- TASK DESCRIPTION: An exact copy of the data below is needed; please leave out any pictures.
= Beginning of Section =
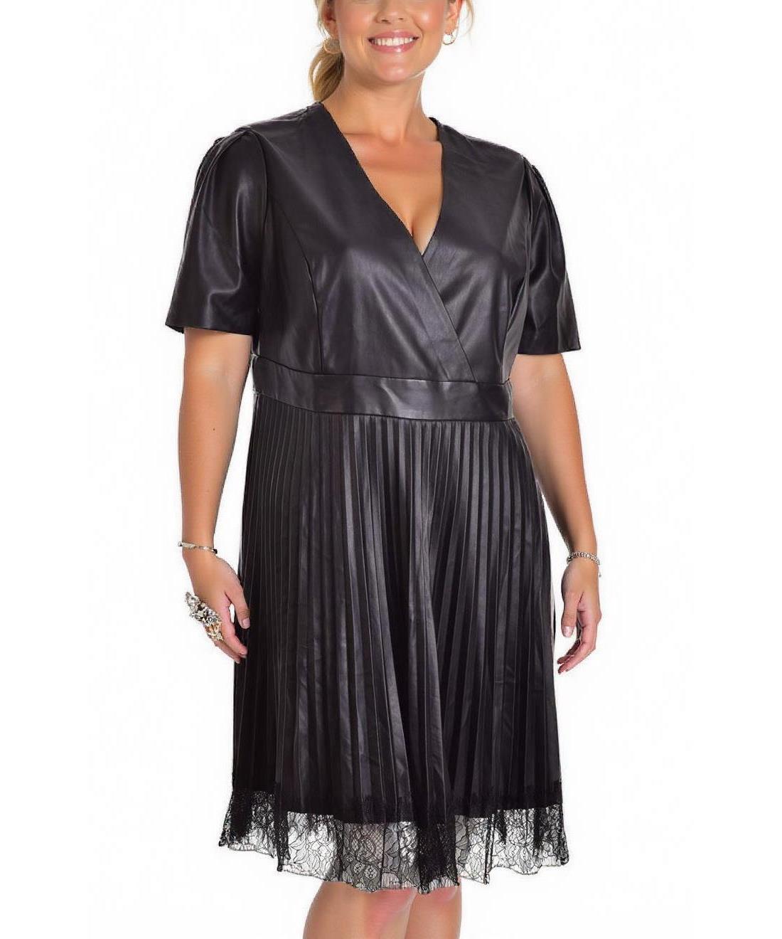 Елегантна рокля от еко кожа с V-образно деколте и къси ръкави. Плисирана пола с фин дантелен подгъв, характеризираща се с прилепнала талия и средна дължина. Идеална за вечерни излизания. Стилен и секси.
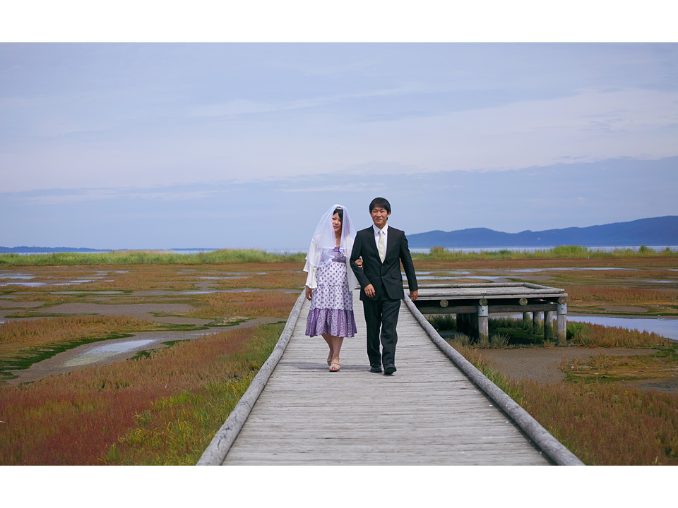 北の岬の結婚式,参列者は二人と一匹。
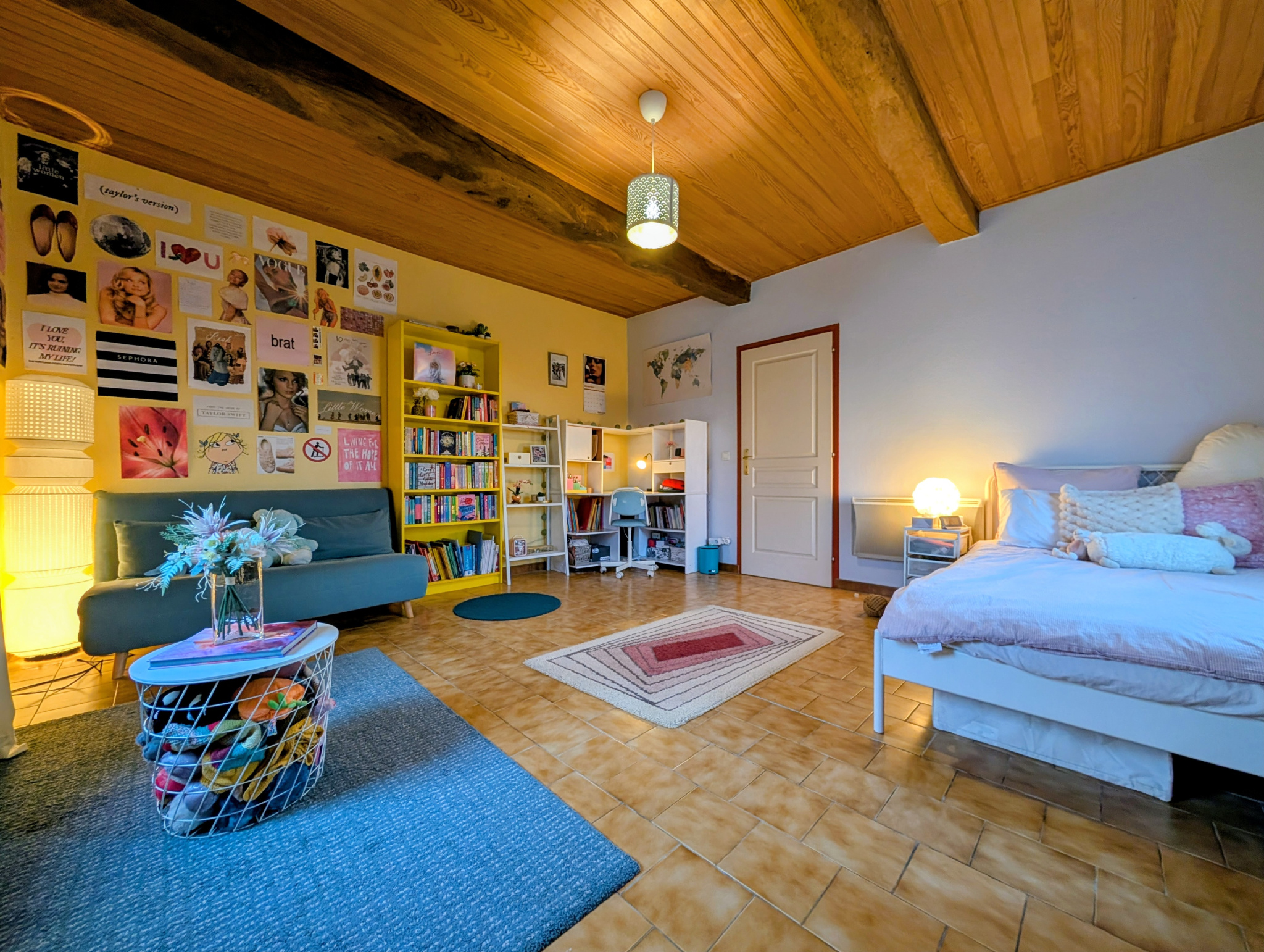 À l'étage, les combles partiellement aménagés proposent une grande pièce d'environ 70 m2 au sol, pouvant accueillir un espace loisirs, bureau, salle de jeux ou chambre supplémentaire. En complément, environ 100 m2 de combles offrent un potentiel d'aménagement supplémentaire.
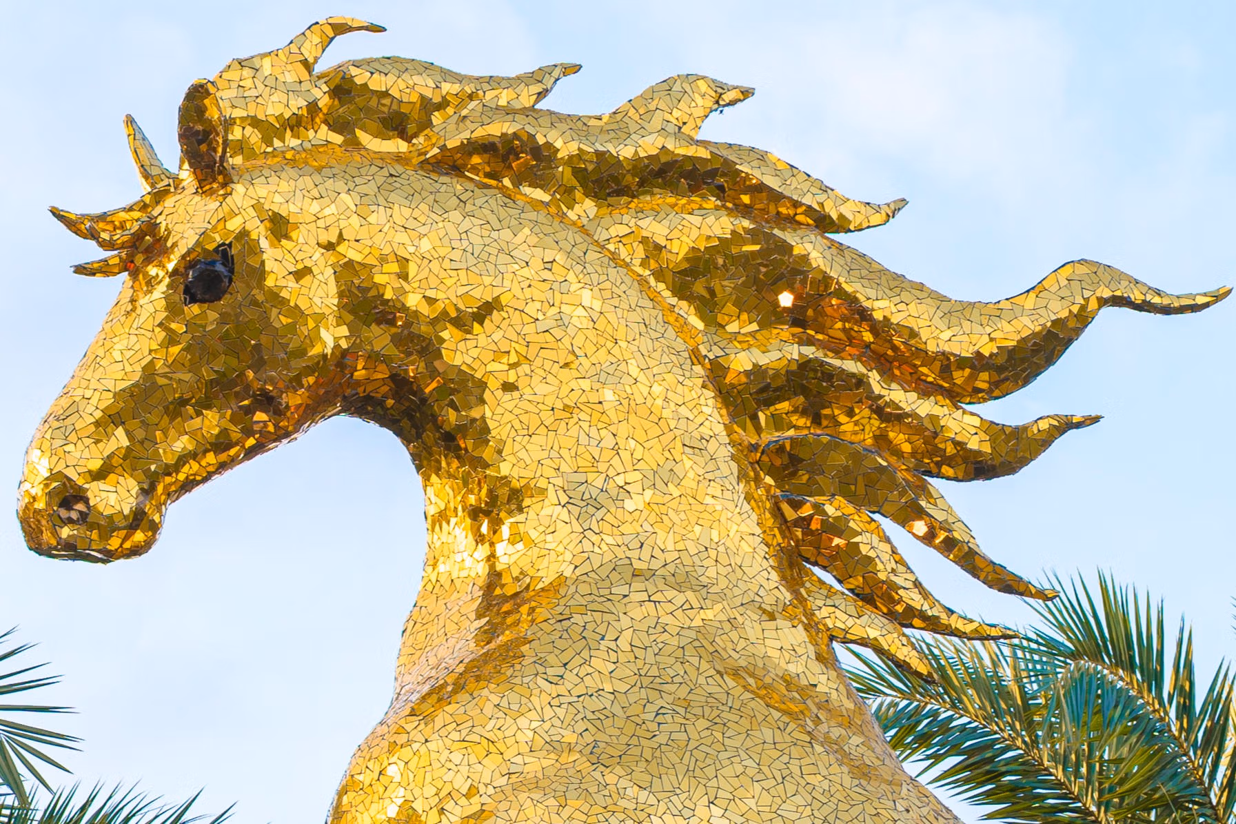 Các nghệ nhân đã kỳ công cắt ghép tỉ mỉ 150.000 tấm ALU nhỏ để tạo bề mặt sống động, chuyển tải hoàn hảo vẻ uy nghi, vững chãi và thần thái, tạo hiệu ứng phản chiếu ánh sáng lung linh cả ban ngày lẫn trong đêm, mang lại điểm nhấn thẩm mỹ cho khu vực cửa ngõ sân bay quốc tế.
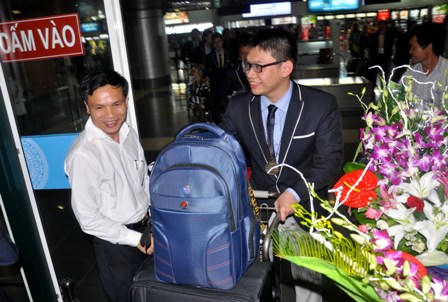 (PLO) - Trưa ngày (14/7), đội tuyển Việt Nam tham dự kỳ thi Olympic Toán học quốc tế (IMO) năm 2014 tại Nam Phi đã về tới Hà Nội. Ra đón đoàn tại sân bay Nội Bài, ngoài gia đình, bạn bè của các thành viên đội tuyển, còn có lãnh đạo Bộ Giáo dục và Đào tạo, lãnh đạo một số tỉnh có học sinh tham gia đội tuyển…
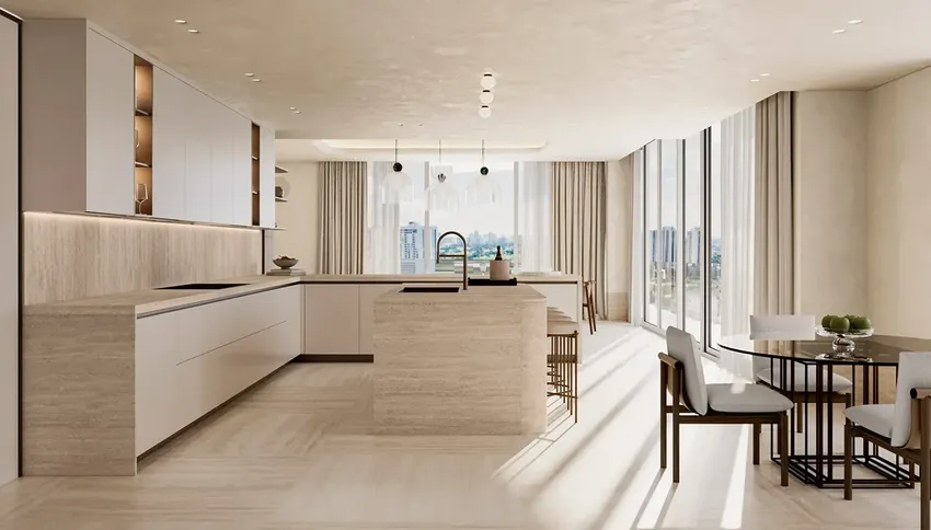 The residences at Avenia Aventura seamlessly combine fashion-forward traditions with innovative solutions. Every interior is meticulously designed to create an ambiance of comfort and sophistication. European materials inspired by the South Florida palette highlight modern chic and spatial harmony.
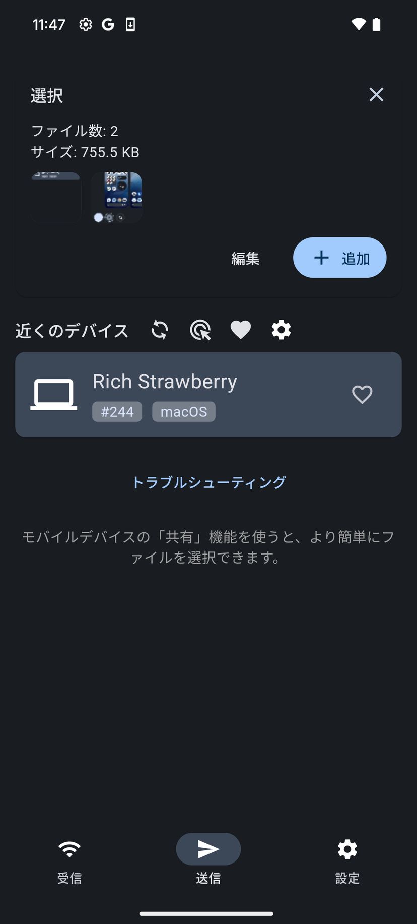 ファイルを選択して、送信先のデバイスをタップするだけでOKだ。
= End of Section =
- COMPLETED EXERCISE:
 Елегантна рокля от еко кожа с V-образно деколте и къси ръкави. Плисирана пола с фин дантелен подгъв, характеризираща се с прилепнала талия и средна дължина. Идеална за вечерни излизания. Стилен и секси.
 北の岬の結婚式,参列者は二人と一匹。
 À l'étage, les combles partiellement aménagés proposent une grande pièce d'environ 70 m2 au sol, pouvant accueillir un espace loisirs, bureau, salle de jeux ou chambre supplémentaire. En complément, environ 100 m2 de combles offrent un potentiel d'aménagement supplémentaire.
 Các nghệ nhân đã kỳ công cắt ghép tỉ mỉ 150.000 tấm ALU nhỏ để tạo bề mặt sống động, chuyển tải hoàn hảo vẻ uy nghi, vững chãi và thần thái, tạo hiệu ứng phản chiếu ánh sáng lung linh cả ban ngày lẫn trong đêm, mang lại điểm nhấn thẩm mỹ cho khu vực cửa ngõ sân bay quốc tế.
 (PLO) - Trưa ngày (14/7), đội tuyển Việt Nam tham dự kỳ thi Olympic Toán học quốc tế (IMO) năm 2014 tại Nam Phi đã về tới Hà Nội. Ra đón đoàn tại sân bay Nội Bài, ngoài gia đình, bạn bè của các thành viên đội tuyển, còn có lãnh đạo Bộ Giáo dục và Đào tạo, lãnh đạo một số tỉnh có học sinh tham gia đội tuyển…
 The residences at Avenia Aventura seamlessly combine fashion-forward traditions with innovative solutions. Every interior is meticulously designed to create an ambiance of comfort and sophistication. European materials inspired by the South Florida palette highlight modern chic and spatial harmony.
 ファイルを選択して、送信先のデバイスをタップするだけでOKだ。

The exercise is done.